BEGIN RECORDS FOR PROCESSING

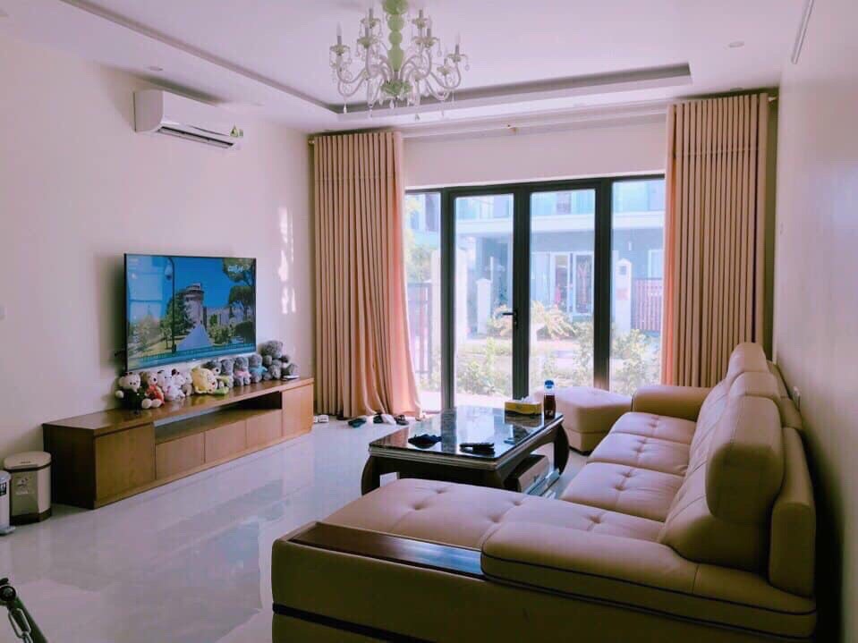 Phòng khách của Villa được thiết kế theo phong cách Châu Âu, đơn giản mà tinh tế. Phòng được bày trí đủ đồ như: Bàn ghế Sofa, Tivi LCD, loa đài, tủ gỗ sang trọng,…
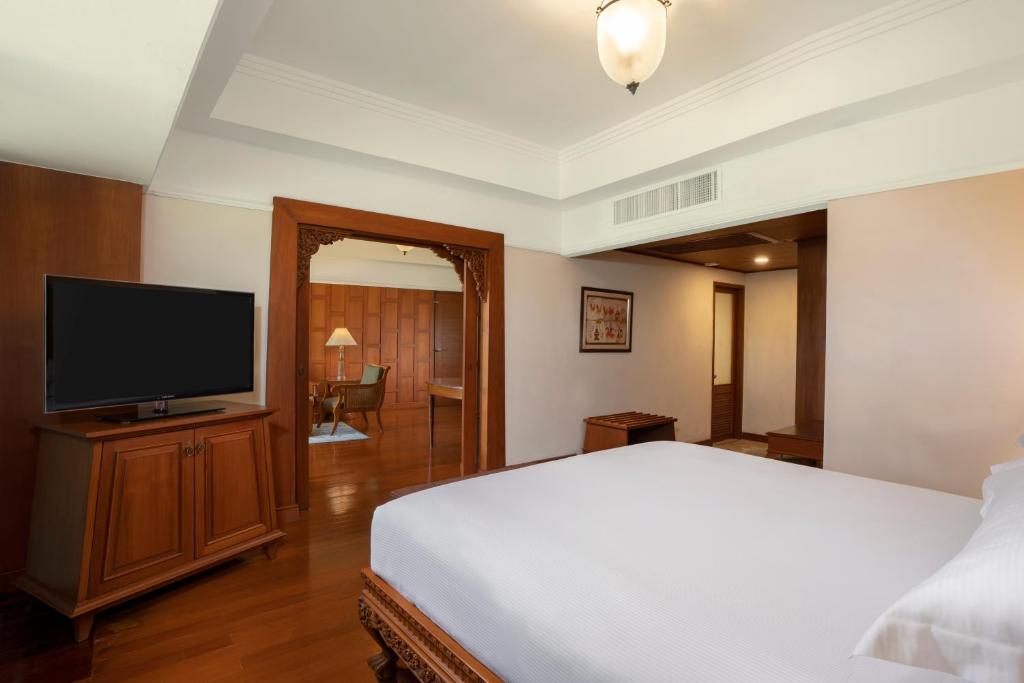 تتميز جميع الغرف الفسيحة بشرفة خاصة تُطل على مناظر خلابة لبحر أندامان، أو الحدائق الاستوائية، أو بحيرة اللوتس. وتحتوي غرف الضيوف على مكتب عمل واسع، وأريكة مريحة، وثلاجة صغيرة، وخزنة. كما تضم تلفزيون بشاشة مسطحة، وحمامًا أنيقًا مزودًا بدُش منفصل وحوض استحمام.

END RECORDS FOR PROCESSING
BEGIN RECORDS FOR PROCESSING

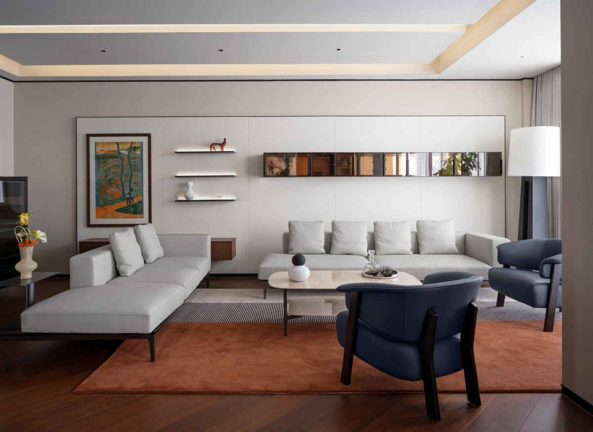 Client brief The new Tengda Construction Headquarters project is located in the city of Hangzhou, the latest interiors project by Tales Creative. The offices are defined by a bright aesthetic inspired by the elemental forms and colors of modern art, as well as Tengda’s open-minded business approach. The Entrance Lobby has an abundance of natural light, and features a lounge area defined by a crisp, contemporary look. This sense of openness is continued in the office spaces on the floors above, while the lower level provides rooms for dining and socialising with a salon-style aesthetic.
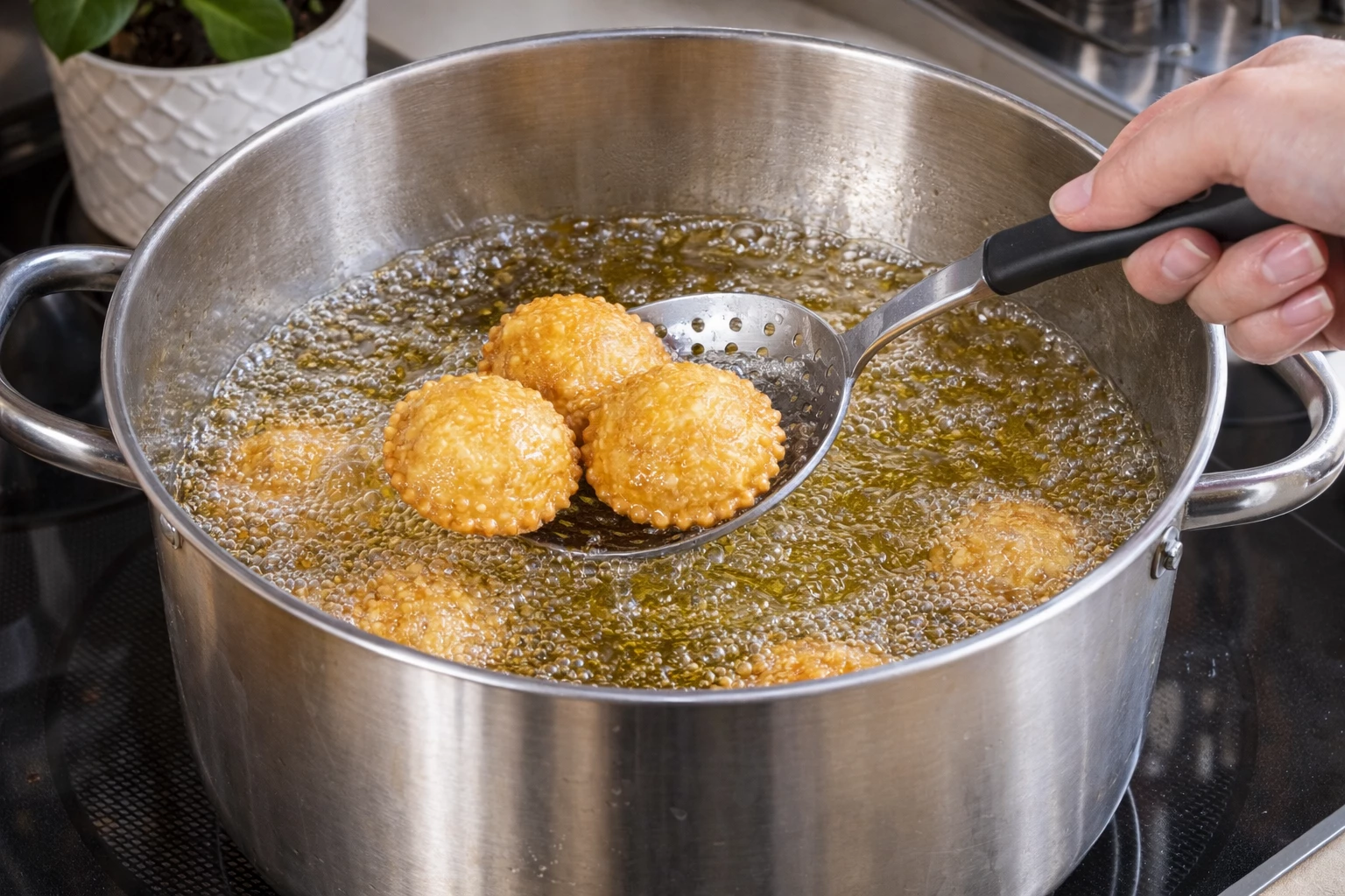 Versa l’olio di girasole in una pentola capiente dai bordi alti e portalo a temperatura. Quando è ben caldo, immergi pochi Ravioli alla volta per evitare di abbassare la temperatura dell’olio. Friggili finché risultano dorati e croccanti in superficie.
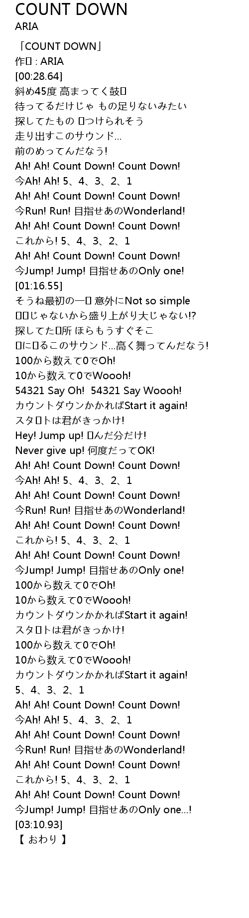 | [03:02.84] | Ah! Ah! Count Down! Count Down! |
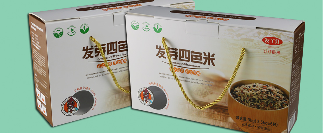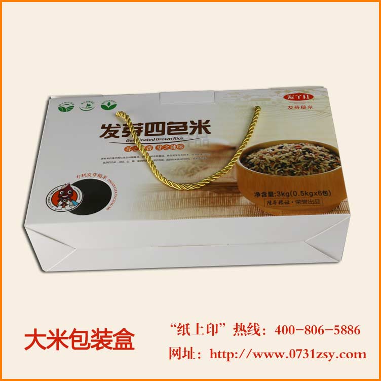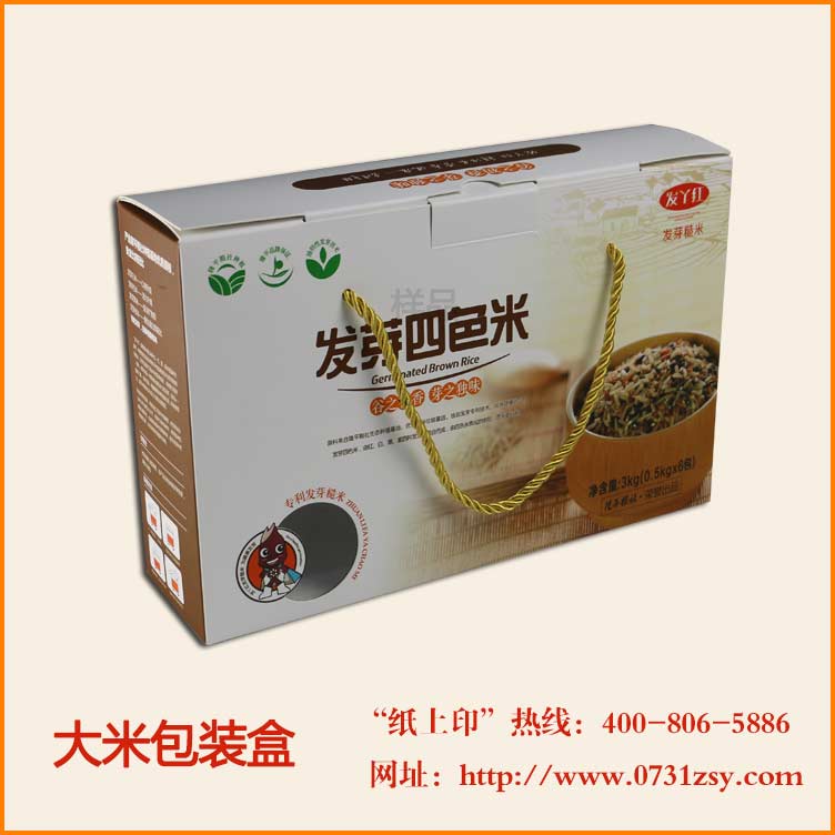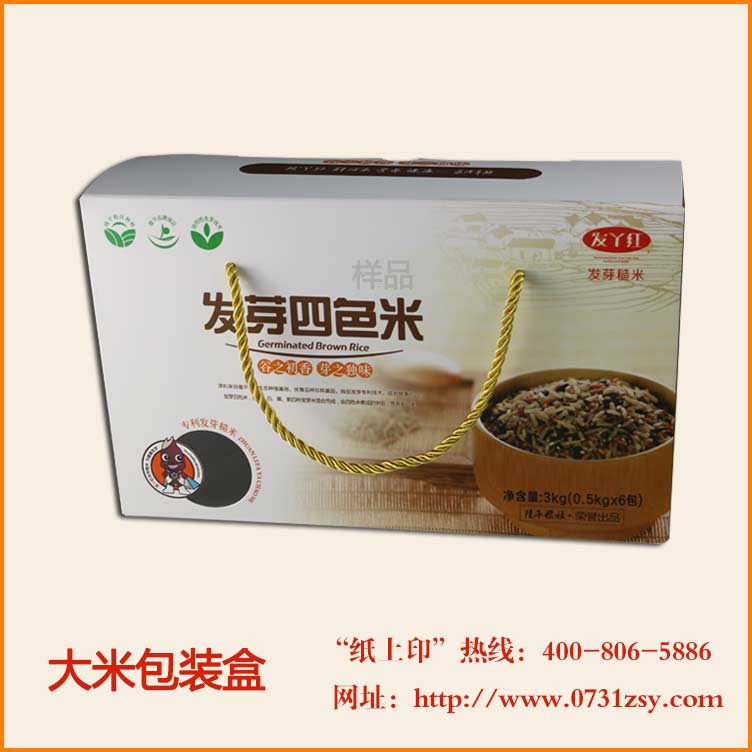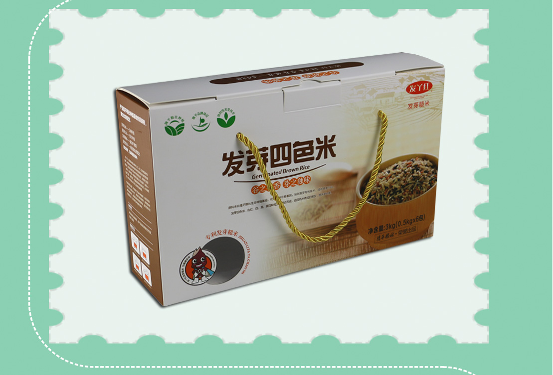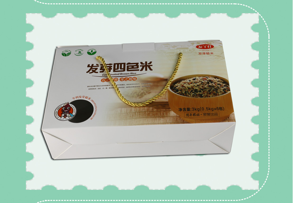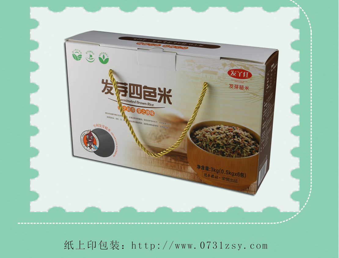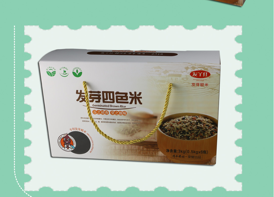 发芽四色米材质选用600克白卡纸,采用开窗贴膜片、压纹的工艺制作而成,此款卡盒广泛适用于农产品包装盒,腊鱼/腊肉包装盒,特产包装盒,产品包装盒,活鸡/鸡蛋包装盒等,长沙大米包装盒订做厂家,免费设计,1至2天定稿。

END RECORDS FOR PROCESSING

Whatever pictures the records hold, omit them; give again exactly the lines from the one containing "Count Down! |" through the one containing "发芽四色米材质选用600克白".

 | [03:02.84] | Ah! Ah! Count Down! Count Down! |
 发芽四色米材质选用600克白卡纸,采用开窗贴膜片、压纹的工艺制作而成,此款卡盒广泛适用于农产品包装盒,腊鱼/腊肉包装盒,特产包装盒,产品包装盒,活鸡/鸡蛋包装盒等,长沙大米包装盒订做厂家,免费设计,1至2天定稿。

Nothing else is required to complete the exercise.